The Council for Wisconsin Writers is a unique community of writers, readers, educators, and literary people, both amateur and professional, throughout the state. For over 50 years, our mission has been to recognize and celebrate Wisconsin writers and to promote awareness of our state’s great literary heritage. Every year since 1964, we’ve sponsored the prestigious Wisconsin Writers Awards to honor the best work in a variety of literary genres.
History
The idea for the organization which would later become the Council for Wisconsin Writers first occurred to retired businessman Herbert Schowalter on New Year’s Eve 1958, when he first decided he would not spend his retirement years hunting and fishing only.
Schowalter, a World War II veteran, had returned from tour of service in France, Germany, and Austria with a keen awareness of the pride that Europeans took in their cultural possessions—books, paintings and music—and of how this pride sustained them, even in military defeat and widespread destruction. He was especially struck by the European assumption that Americans, while optimistic and resourceful, were overly materialistic and essentially cultureless.
“We aren’t cultureless,” Schowalter later told the Milwaukee Journal, “but we certainly haven’t done enough to avail ourselves of the culture we have, or to encourage the people who create it.”
Spurred by this memory and his determination to make good use of his retirement, Schowalter and two other members of a group of writers called the Raconteurs (Larry Lawrence, a former editor with the Milwaukee Journal, and Al Nelson, a prolific freelance writer) hosted a dinner at Milwaukee’s Pfister Hotel in February 1963 to promote the formation of a group of interested writers and educators dedicated to promoting literary arts throughout the state. The dinner guests were writers, teachers, editors, and others from around the state who shared an interest in writing.

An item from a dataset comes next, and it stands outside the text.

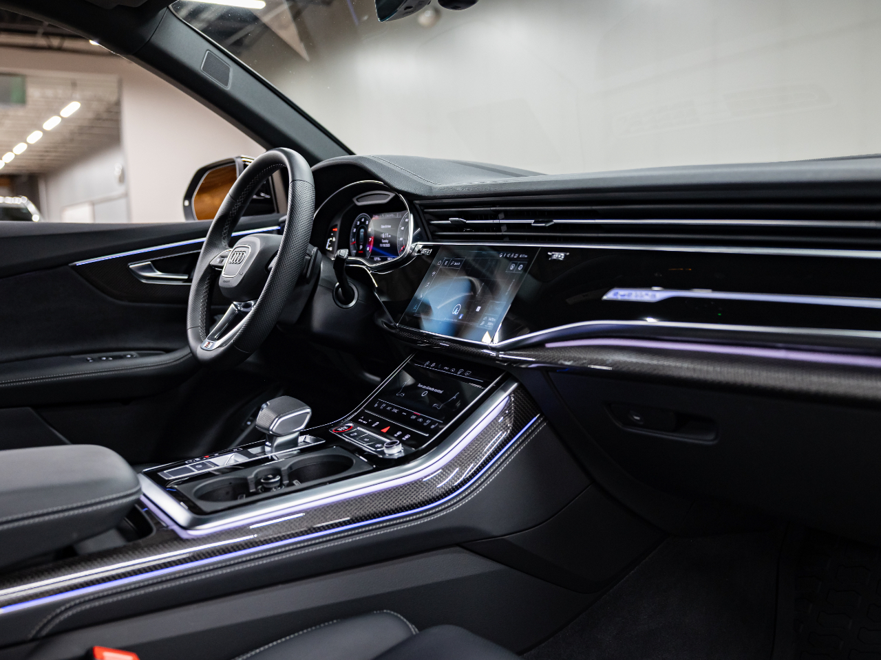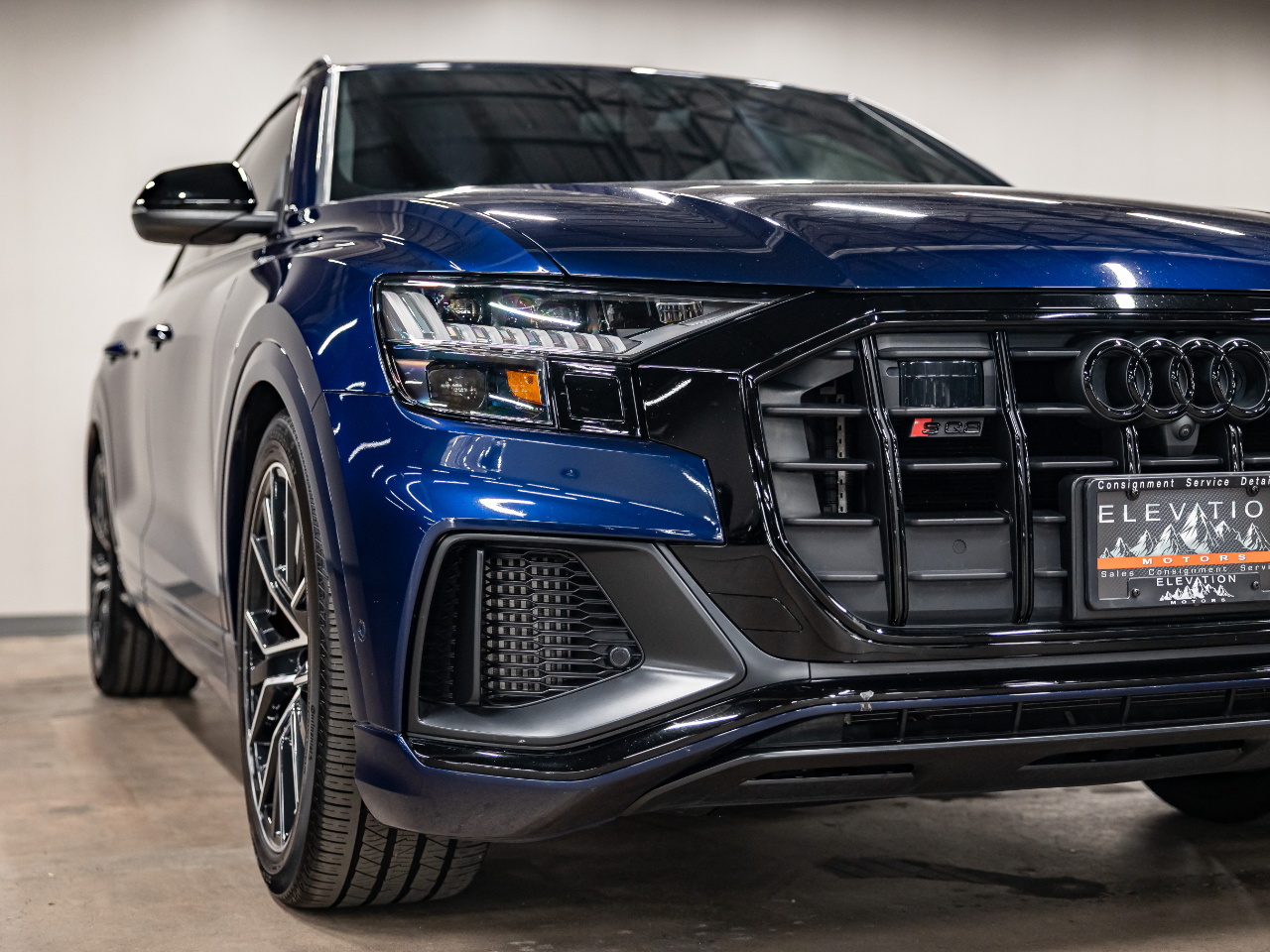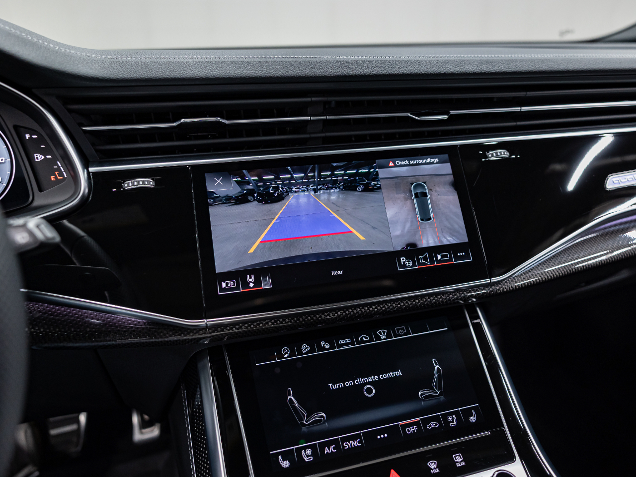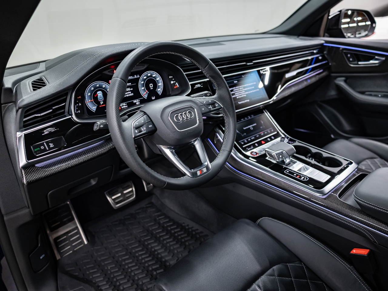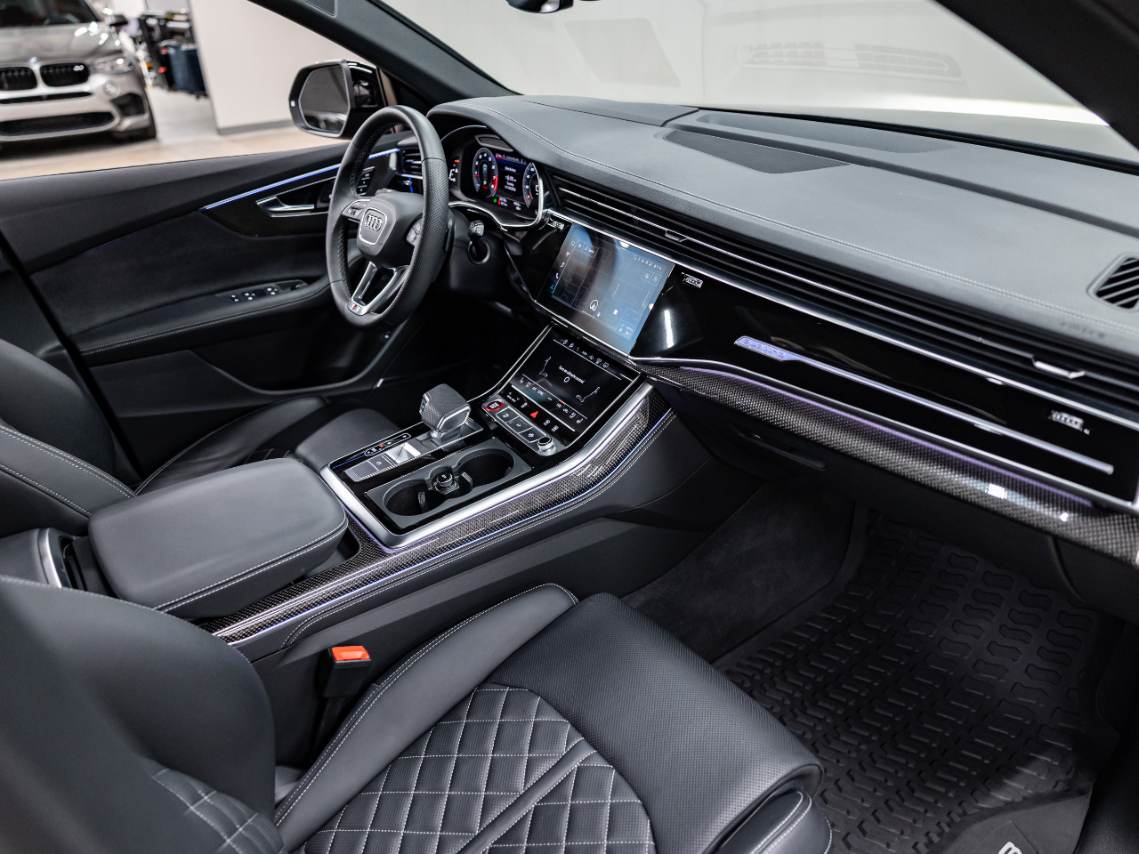 This SQ8 comes well-equipped with the Prestige Package, adding the Executive Package, head-up display, intersection assist, traffic sign recognition, power soft-closing doors, and remote park assist. Additional features include the Sport Package with active roll stabilization, red brake calipers, sport rear differential, night vision assist, Black Optics Package, towing package, Audi Guard protection kit, and black Audi rings and model badging. It rides on 22-inch 5-V-spoke-star design wheels with a bi-color finish, wrapped in Continental CrossContact tires.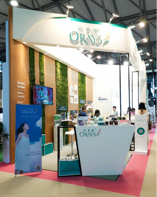 群星闪耀的美博会场,欧藜施品牌成为其中最耀眼的一颗明星,大器挑高三米半的展位,以「天然、质感」为主的装潢设计:交错木纹与绿草背墙,镶上欧藜施最得意的几项主力产品:致女神酵素、靓肌胶原蛋白、富酵素、红蕴酵素。

The dinner guests supported the idea, Milwaukee novelist Edward Harris Heth suggested the name, and with that, the Council for Wisconsin Writers (or CWW) was born. For the next several months, the CWW existed without dues or formal funding by passing the hat among the faithful at early meetings held in the Shorewood living room of the historical novelist Anne Powers Schwartz.

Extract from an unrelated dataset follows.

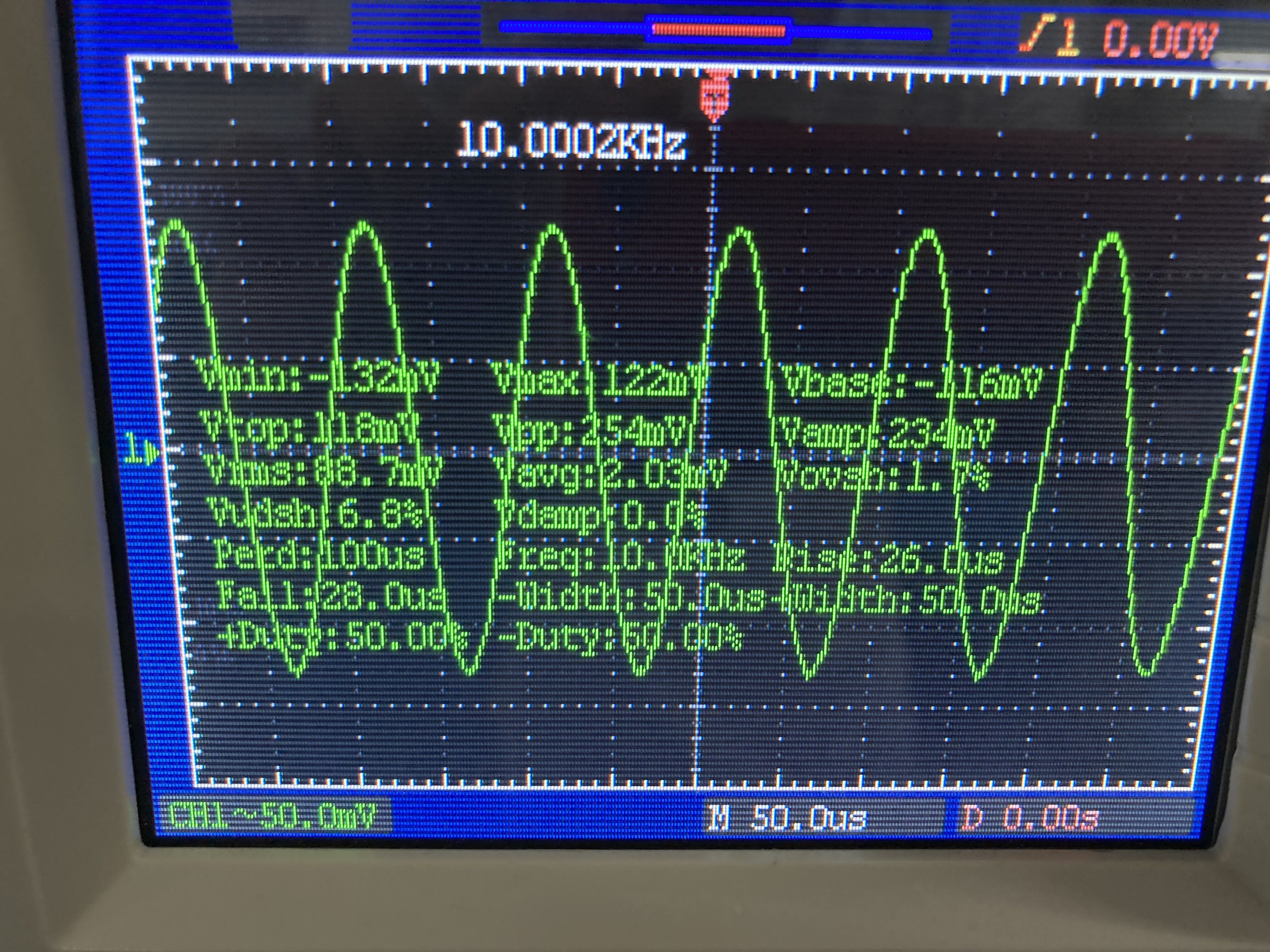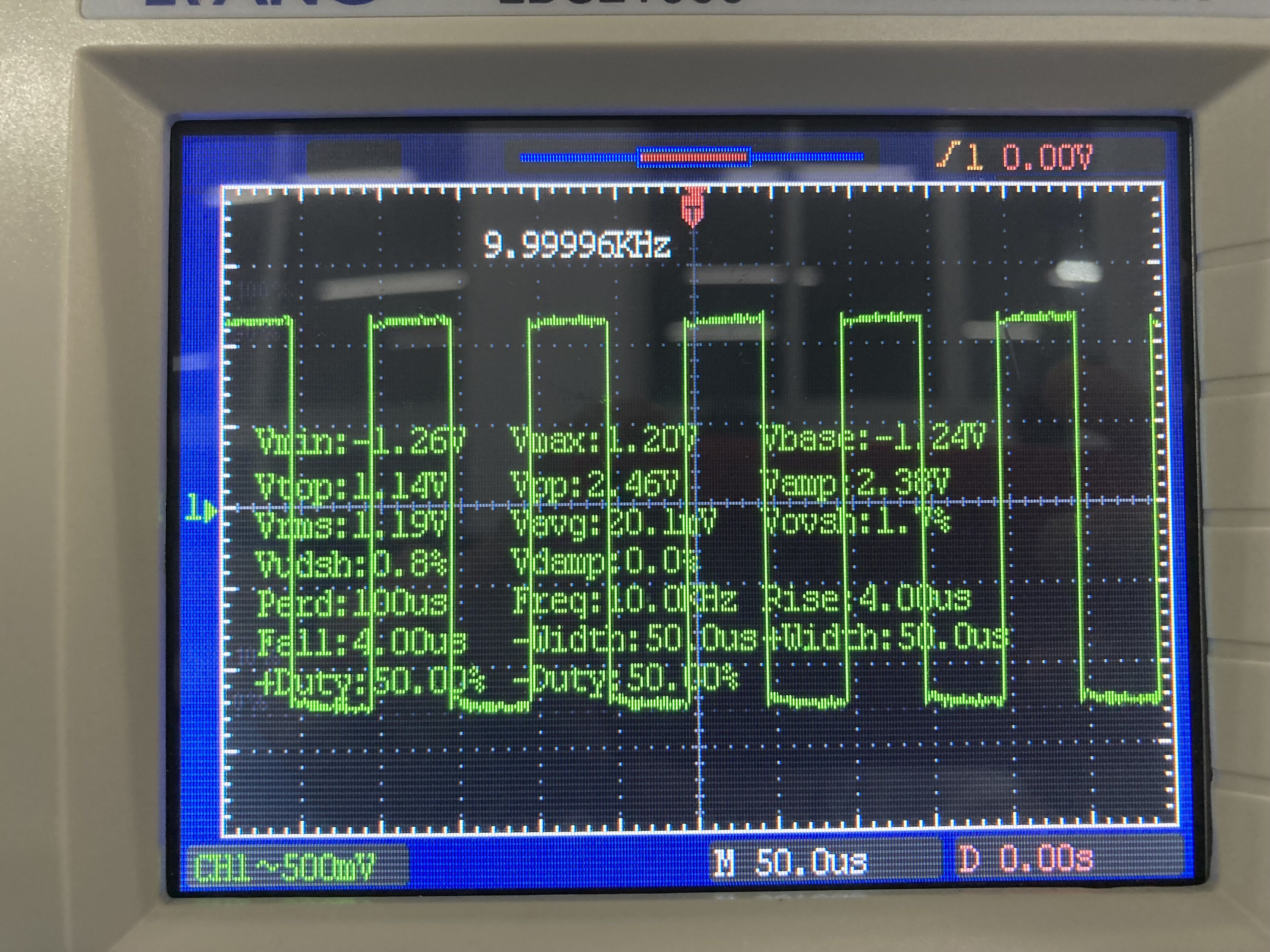 实现频率为10k,ad值为2040的输出;正弦波与方波接线及效果如图所示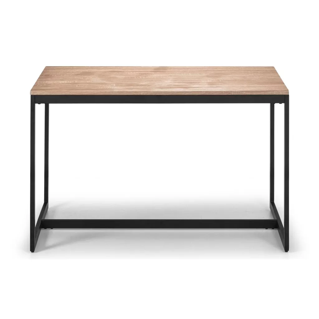 Crafted with a contemporary aesthetic in mind, this sleek dining table effortlessly enhances any dining area with its modern allure. Featuring clean lines accentuated by a refined black-coated metal frame, it seamlessly merges with its surroundings. The addition of a warm Sonoma oak foil finish further elevates its style, resulting in a chic and sophisticated centerpiece for any dining space.

The original CWW working committees included: writers Helen C. White, August Derleth, Jim Dan Hill, Robert E. Gard, Lawrence Keating, Donald Emerson, and Betty Ren Wright; and editors and publishers Howard Mead of Wisconsin Tales and Trails, Father Michael Dineen of Country Beautiful, and Edward Kamarck of the Wisconsin Idea Theater. A distinguished variety of civic leaders filled out the roster.
In 1964, the Johnson Foundation of Racine donated $1,000, and the search for the first CWW award winner was on. Newspaper accounts at the time noted that Pulitzer Prizes for books were only $500 each, and National Book Awards were up to $1,000 each.
The winner of the first CWW award was poet Chad Walsh, for his collections Unknowing Dance and Psalm of Christ. Dorothy McGuinn, president of the Society of Midland Authors, addressed the first CWW banquet. Lawrence Keating served as master of ceremonies. The judges for that first contest were Emerson, White, Derleth, J.L. O’Sullivan, and Leslie Cross.
In 1966, the CWW—its membership having grown to 33—elected its first president, Donald Emerson, and inaugural board of directors: August Derleth, Chad Walsh, Florence Lindemann, Herbert Schowalter, Charles Peterson, Larry Sternig, William Cary, Lawrence Keating, Larry Lawrence, Edgar Kezeli, Al Nelson, and Robert Wells.
In the ensuing 50 years, hundreds of members and volunteers worked to recognize the outstanding work of Wisconsin writers and to promote public awareness of our state’s rich and diverse literary heritage.